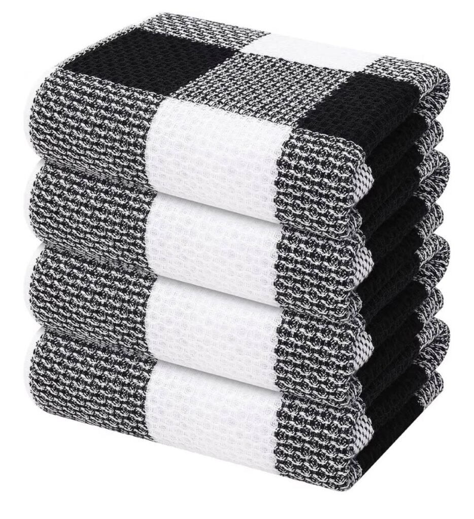 Refresh your kitchen essentials with this stylish 4-pack of 100% cotton waffle weave kitchen towels, now just $9.xx at Amazon. Designed with a classic black and white buffalo check pattern, these towels are soft, highly absorbent, and perfect for everyday use in any kitchen.
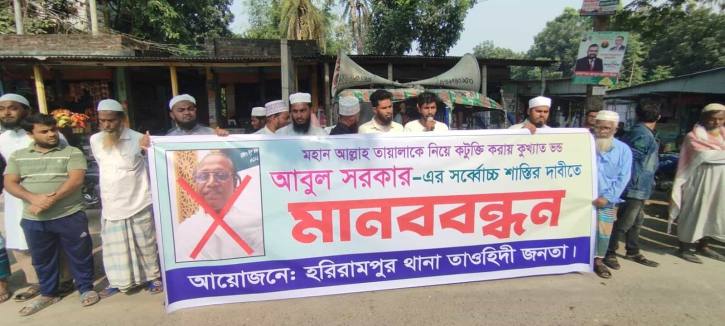 ‎মানিকগঞ্জের হরিরামপুরে বিতর্কিত বাউল শিল্পী আবুল সরকারের ফাঁসির দাবিতে মানববন্ধন ও বিক্ষোভ মিছিল অনুষ্ঠিত হয়েছে।
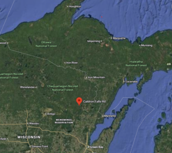 Shown in relation to the western Upper Peninsula is the location where a fatal side-by-side crash happened on Saturday in Stephenson, Marinette County, Wis. (Google Maps screenshot by R. R. Branstrom)
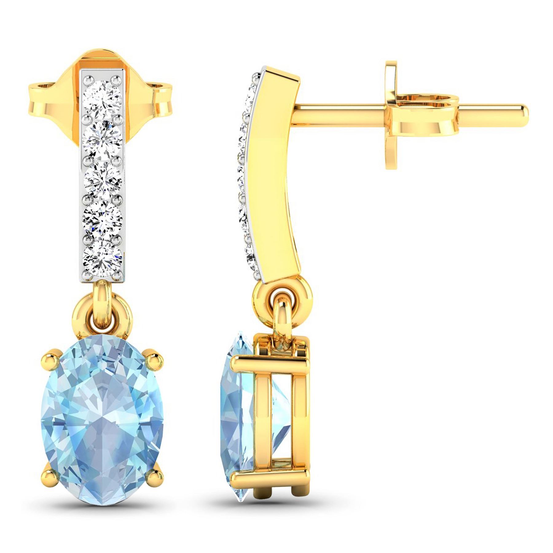 14KT Yellow Gold 1.02ctw Aquamarine and Diamond Earrings

Action item: Your answer must be the full listing, copied exactly, with no pictures in it.

Result below:
 Refresh your kitchen essentials with this stylish 4-pack of 100% cotton waffle weave kitchen towels, now just $9.xx at Amazon. Designed with a classic black and white buffalo check pattern, these towels are soft, highly absorbent, and perfect for everyday use in any kitchen.
 ‎মানিকগঞ্জের হরিরামপুরে বিতর্কিত বাউল শিল্পী আবুল সরকারের ফাঁসির দাবিতে মানববন্ধন ও বিক্ষোভ মিছিল অনুষ্ঠিত হয়েছে।
 Shown in relation to the western Upper Peninsula is the location where a fatal side-by-side crash happened on Saturday in Stephenson, Marinette County, Wis. (Google Maps screenshot by R. R. Branstrom)
 14KT Yellow Gold 1.02ctw Aquamarine and Diamond Earrings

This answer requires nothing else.